Your task ▸ In this exercise, print only the lines from the line with "Hotel sa môže" to the last line of the data below, inclusive. Any pictures should be left out.

Input ▸
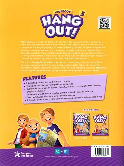 Hang Out is a coursebook designed specifically for young students of English by a team of experiences authors. Built around a CEFR-based curriculum, this six-level comprehensive language program takes students gradually from producing simple phrases to complex sentences in a widening range of topic areas and situations. Through vivid illustrations, realistic readings, and engaging comics, students follow a family of characters in their daily lives, building their knowledge of high-frequency vocabulary, common grammar structures, useful expressions and cross-curricular content .
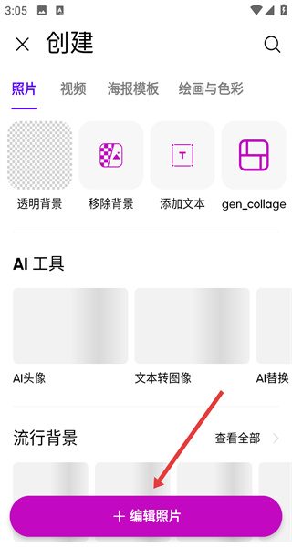 1、打開圖片編輯,在創(chuàng)建頁面,找到下方顯眼的編輯照片按鈕,點(diǎn)擊該按鈕,從手機(jī)里選擇要編輯的圖片。
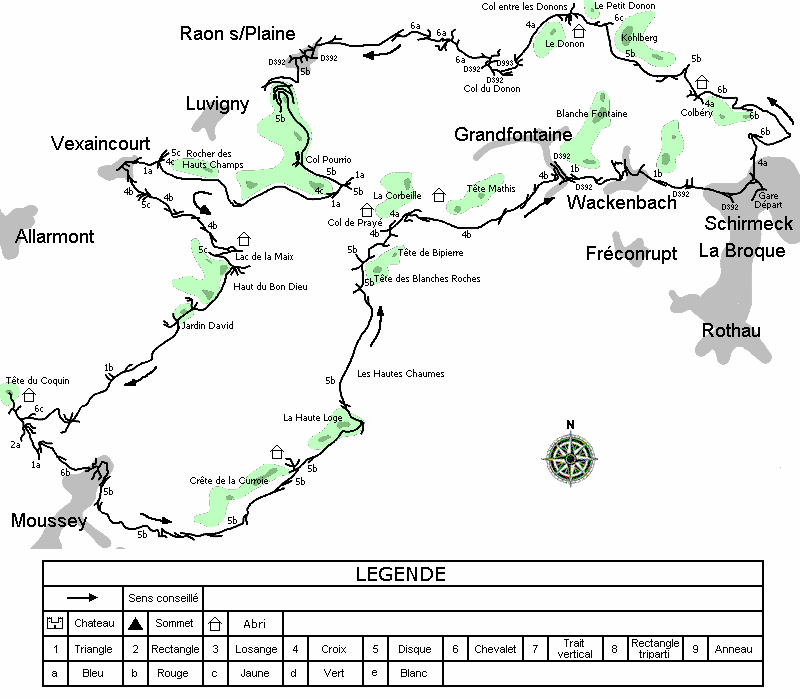 | Sympa, et en + ça passe tout prés... par contre, arrivé au dessus du lac de la maix, il reste sur les crétes jusqu'au Donon, ou il descend dans la vallée |
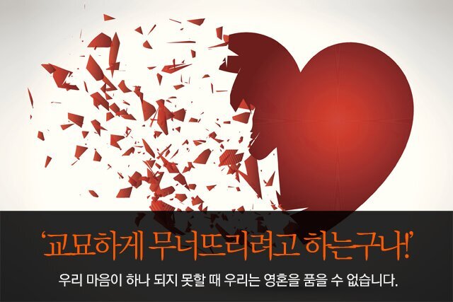 하나된 '하나님의 말씀'을 사용하셔야 합니다. 그리고 이 '하나님의 말씀'은 언제나 사랑이란 그릇에 담아야 합니다. 사랑이야말로 하나님의 말씀으로 하나가 되기 위해 우리 모두가 소유해야 할 첫번째입니다. 하나님의 말씀은 사랑으로 보여지고, 사랑으로 실천되어지고, 사랑으로 회자되어 집니다.
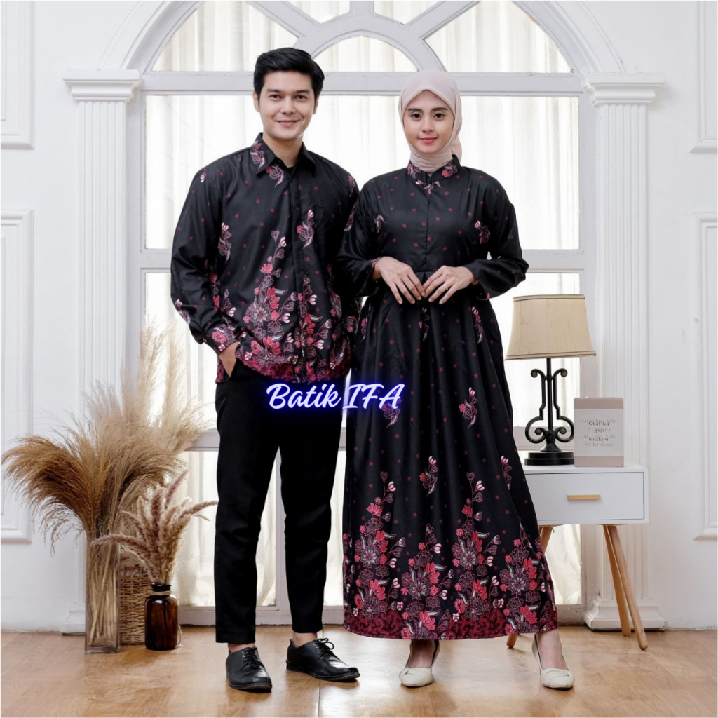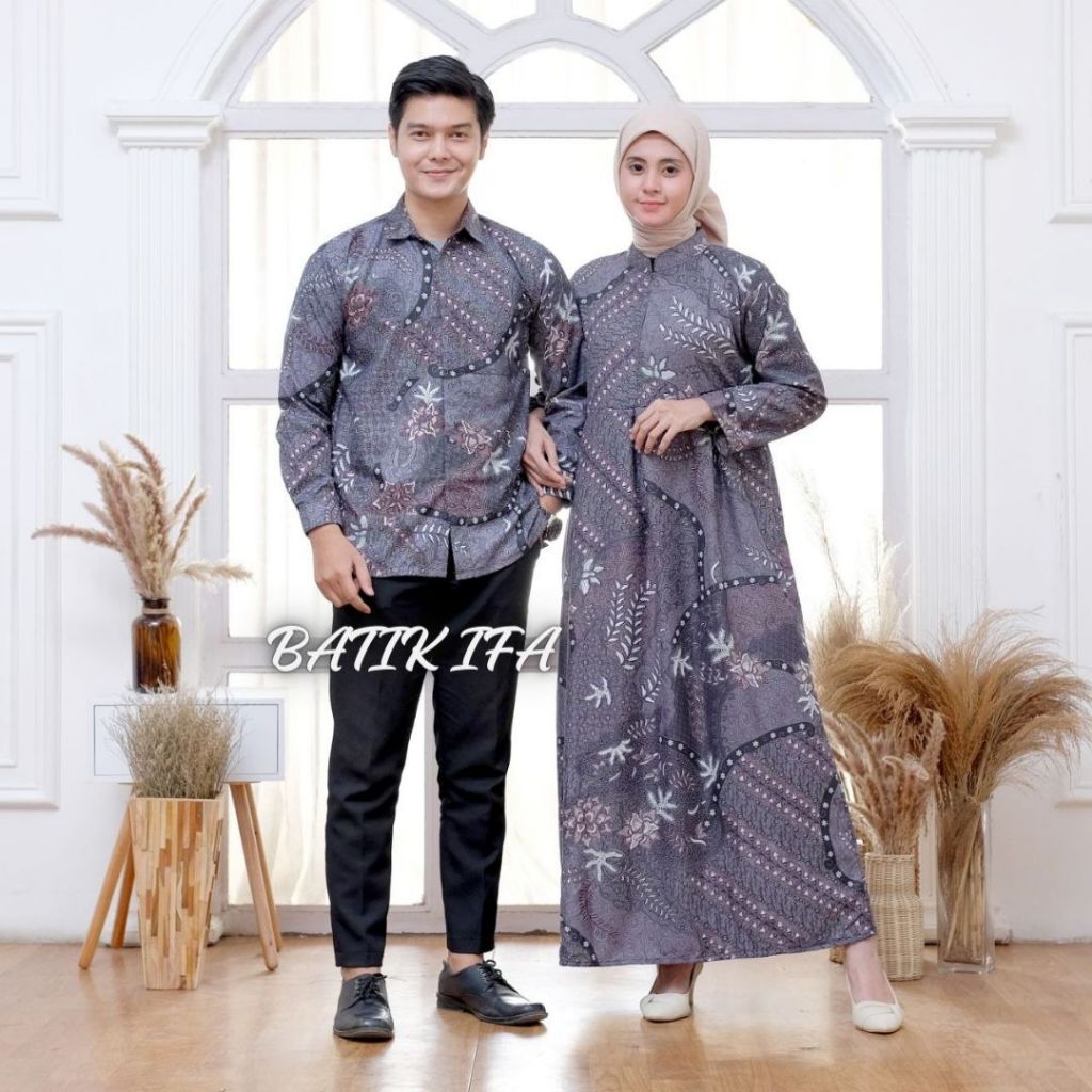 Baju Batik Couple Pasangan Gamis dan Kemeja Sarimbit Batik Keluarga - BATIK IFA
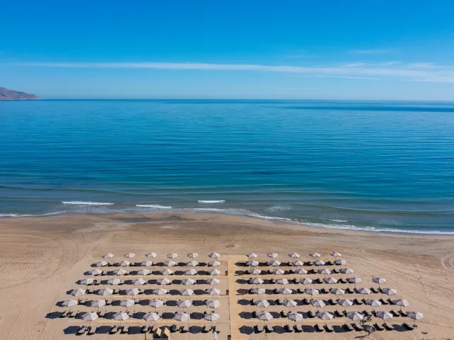 Hotel sa môže pochváliť širokou piesočnatou plážou s pozvoľným vstupom do vody, ktorá je ideálna pre deti a neplavcov. Na pláži sú k dispozícii ležadlá a slnečníky zdarma. Okrem pláže ponúka hotel aj pestré športové aktivity, vrátane animačných programov pre dospelých a deti, tenisových kurtov, fitness a vodných športov (za poplatok).
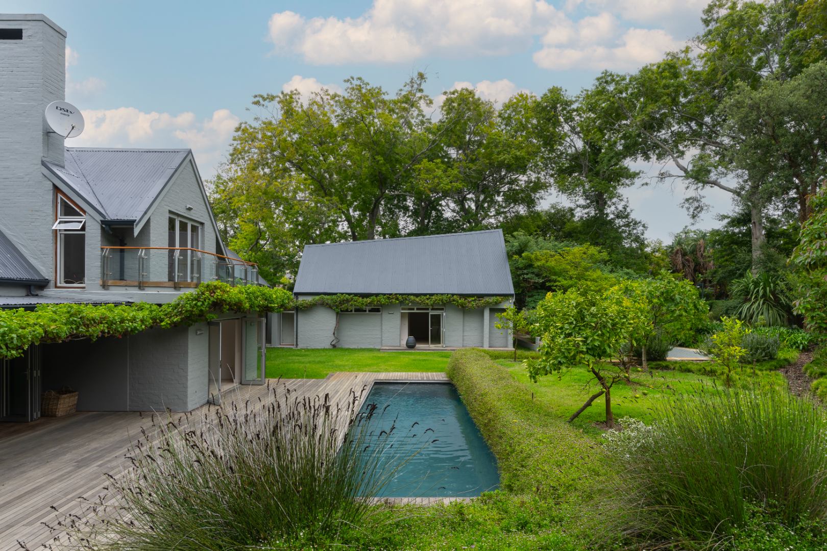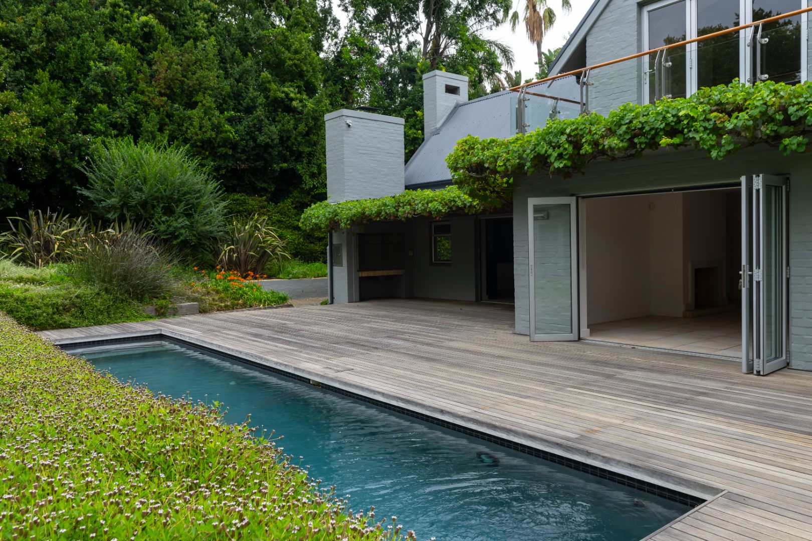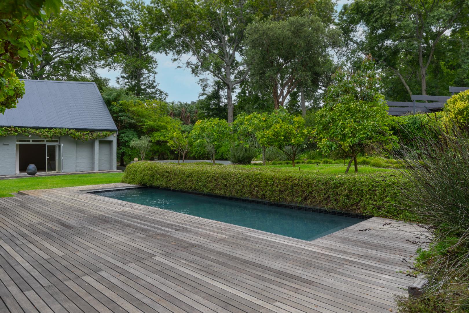 Outdoors, the property continues to impress with a striking 10x3 m charcoal gunite saltwater swimming pool wrapped by a 75 m2 wooden deck, perfectly positioned within the beautifully established and illuminated garden.
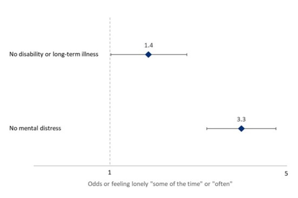 Odds ratio plot showing people without a disability were 1.4 times more likely to stop feeling lonely compared to disabled people, while people without mental distress were 3.3 times more likely to stop feeling lonely than those with mental distress.
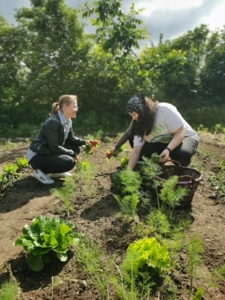Wir sind alle sehr stolz und glücklich, dass es losgeht und unser Gemüse endlich u.a. in den Salaten und Brötchen der Cafeteria landet und genossen werden kann. Guten Appetit!
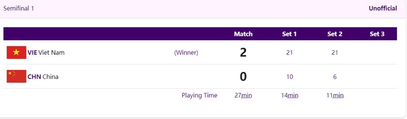 Ở trận bán kết nội dung cầu mây 4 nữ ASIAD 19 diễn ra vào chiều 3/10, đội tuyển Việt Nam dễ dàng vượt qua chủ nhà Trung Quốc với tỷ số 2-0 (21-10, 21-6) để lọt vào trận chung kết tranh HCV với đội tuyển nữ Indonesia vào sáng mai 4/10.
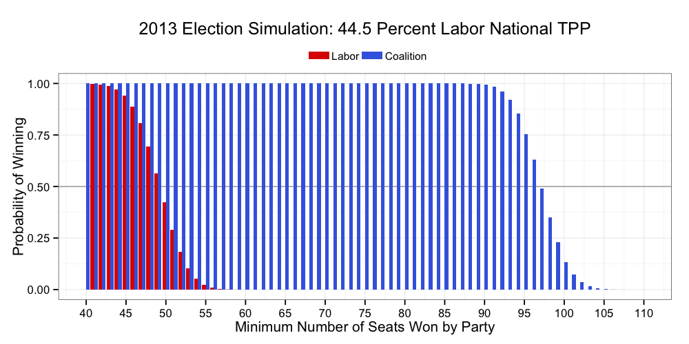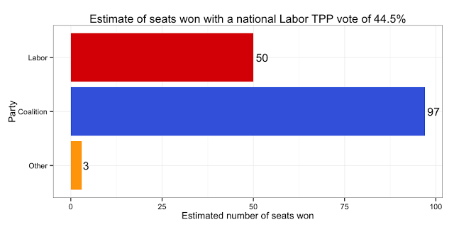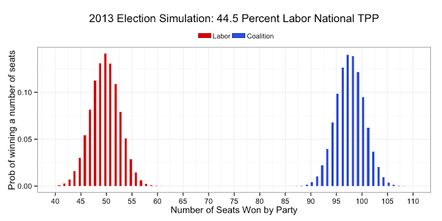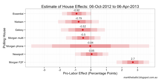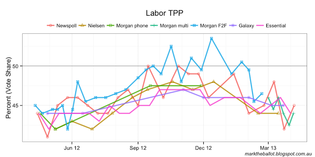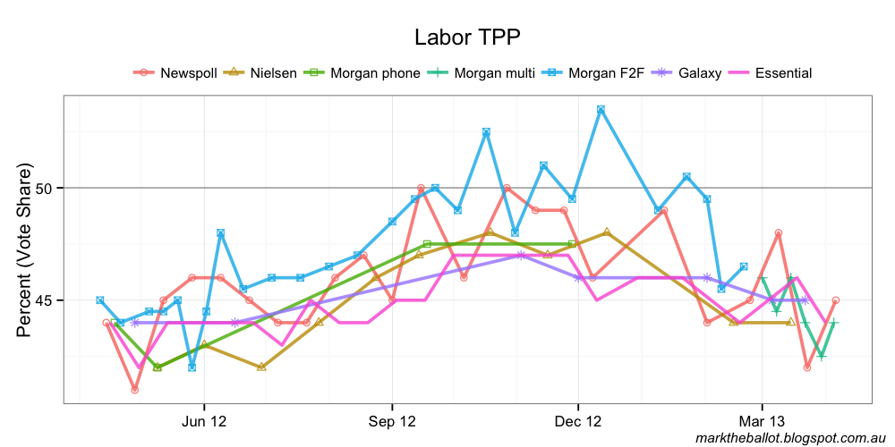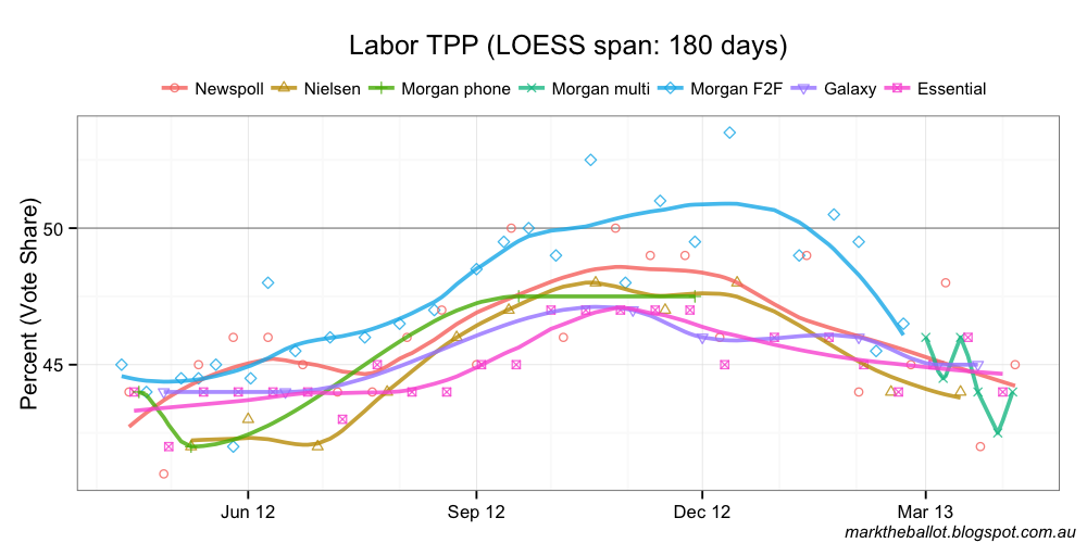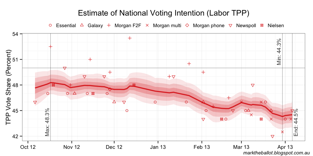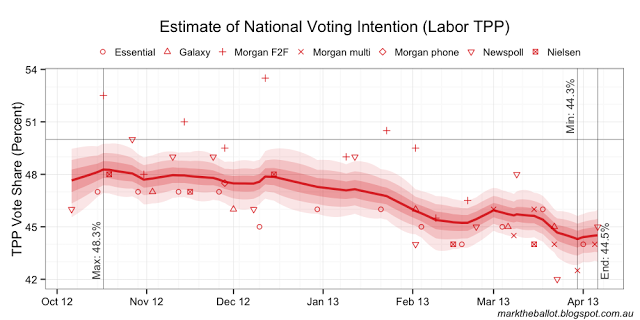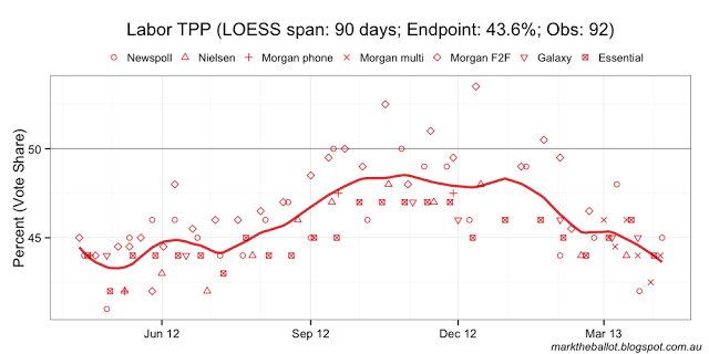 With the benefit of the latest data, the Bayesian aggregation (below) is now treating the two shock results for the government from the last fortnight of March as outliers.

Result of the task ▸
 Hotel sa môže pochváliť širokou piesočnatou plážou s pozvoľným vstupom do vody, ktorá je ideálna pre deti a neplavcov. Na pláži sú k dispozícii ležadlá a slnečníky zdarma. Okrem pláže ponúka hotel aj pestré športové aktivity, vrátane animačných programov pre dospelých a deti, tenisových kurtov, fitness a vodných športov (za poplatok).
 Outdoors, the property continues to impress with a striking 10x3 m charcoal gunite saltwater swimming pool wrapped by a 75 m2 wooden deck, perfectly positioned within the beautifully established and illuminated garden.
 Odds ratio plot showing people without a disability were 1.4 times more likely to stop feeling lonely compared to disabled people, while people without mental distress were 3.3 times more likely to stop feeling lonely than those with mental distress.
Wir sind alle sehr stolz und glücklich, dass es losgeht und unser Gemüse endlich u.a. in den Salaten und Brötchen der Cafeteria landet und genossen werden kann. Guten Appetit!
 Ở trận bán kết nội dung cầu mây 4 nữ ASIAD 19 diễn ra vào chiều 3/10, đội tuyển Việt Nam dễ dàng vượt qua chủ nhà Trung Quốc với tỷ số 2-0 (21-10, 21-6) để lọt vào trận chung kết tranh HCV với đội tuyển nữ Indonesia vào sáng mai 4/10.
 With the benefit of the latest data, the Bayesian aggregation (below) is now treating the two shock results for the government from the last fortnight of March as outliers.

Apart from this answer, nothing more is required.